### [RECORDED DATA]
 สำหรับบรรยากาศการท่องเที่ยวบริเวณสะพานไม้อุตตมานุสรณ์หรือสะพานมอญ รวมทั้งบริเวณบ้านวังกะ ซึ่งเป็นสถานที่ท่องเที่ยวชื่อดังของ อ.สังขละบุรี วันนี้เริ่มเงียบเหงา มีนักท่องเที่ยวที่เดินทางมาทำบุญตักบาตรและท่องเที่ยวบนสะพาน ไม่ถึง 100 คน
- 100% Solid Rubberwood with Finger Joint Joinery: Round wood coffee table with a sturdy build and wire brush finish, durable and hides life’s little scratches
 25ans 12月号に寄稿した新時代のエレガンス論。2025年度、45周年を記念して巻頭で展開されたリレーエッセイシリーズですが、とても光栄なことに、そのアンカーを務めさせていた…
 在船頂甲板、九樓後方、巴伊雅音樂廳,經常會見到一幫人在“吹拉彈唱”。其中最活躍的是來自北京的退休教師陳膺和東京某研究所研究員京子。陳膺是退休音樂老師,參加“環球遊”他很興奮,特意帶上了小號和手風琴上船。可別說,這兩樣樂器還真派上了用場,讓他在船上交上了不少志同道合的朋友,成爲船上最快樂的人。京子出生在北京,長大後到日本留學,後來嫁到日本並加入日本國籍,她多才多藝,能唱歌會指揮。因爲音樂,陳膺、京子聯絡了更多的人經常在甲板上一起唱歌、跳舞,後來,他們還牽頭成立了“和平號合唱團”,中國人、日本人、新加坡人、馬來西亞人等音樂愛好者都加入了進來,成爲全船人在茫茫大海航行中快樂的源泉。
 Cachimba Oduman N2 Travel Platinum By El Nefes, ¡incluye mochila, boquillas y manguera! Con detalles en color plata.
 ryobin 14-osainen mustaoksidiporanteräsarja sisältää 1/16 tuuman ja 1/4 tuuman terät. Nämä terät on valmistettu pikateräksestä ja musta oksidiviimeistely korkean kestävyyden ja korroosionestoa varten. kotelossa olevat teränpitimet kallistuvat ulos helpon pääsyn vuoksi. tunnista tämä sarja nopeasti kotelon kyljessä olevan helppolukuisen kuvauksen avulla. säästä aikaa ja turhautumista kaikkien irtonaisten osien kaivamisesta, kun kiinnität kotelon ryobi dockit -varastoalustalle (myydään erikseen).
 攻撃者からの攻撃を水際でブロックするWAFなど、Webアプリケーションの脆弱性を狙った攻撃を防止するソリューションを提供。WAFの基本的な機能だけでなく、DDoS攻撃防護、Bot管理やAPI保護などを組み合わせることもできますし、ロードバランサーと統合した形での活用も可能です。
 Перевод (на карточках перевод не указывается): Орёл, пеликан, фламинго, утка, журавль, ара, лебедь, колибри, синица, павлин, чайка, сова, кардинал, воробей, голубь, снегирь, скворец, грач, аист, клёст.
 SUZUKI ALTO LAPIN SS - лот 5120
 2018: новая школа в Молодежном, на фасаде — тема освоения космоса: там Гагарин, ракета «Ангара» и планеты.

### [WHAT YOU HAVE TO DO]
The reply should hold only the lines of the listing above starting at the line containing "25ans 12月号に寄稿し" and ending at the line containing "Cachimba Oduman N2", exactly as written.

### [EXERCISE RESULT]
 25ans 12月号に寄稿した新時代のエレガンス論。2025年度、45周年を記念して巻頭で展開されたリレーエッセイシリーズですが、とても光栄なことに、そのアンカーを務めさせていた…
 在船頂甲板、九樓後方、巴伊雅音樂廳,經常會見到一幫人在“吹拉彈唱”。其中最活躍的是來自北京的退休教師陳膺和東京某研究所研究員京子。陳膺是退休音樂老師,參加“環球遊”他很興奮,特意帶上了小號和手風琴上船。可別說,這兩樣樂器還真派上了用場,讓他在船上交上了不少志同道合的朋友,成爲船上最快樂的人。京子出生在北京,長大後到日本留學,後來嫁到日本並加入日本國籍,她多才多藝,能唱歌會指揮。因爲音樂,陳膺、京子聯絡了更多的人經常在甲板上一起唱歌、跳舞,後來,他們還牽頭成立了“和平號合唱團”,中國人、日本人、新加坡人、馬來西亞人等音樂愛好者都加入了進來,成爲全船人在茫茫大海航行中快樂的源泉。
 Cachimba Oduman N2 Travel Platinum By El Nefes, ¡incluye mochila, boquillas y manguera! Con detalles en color plata.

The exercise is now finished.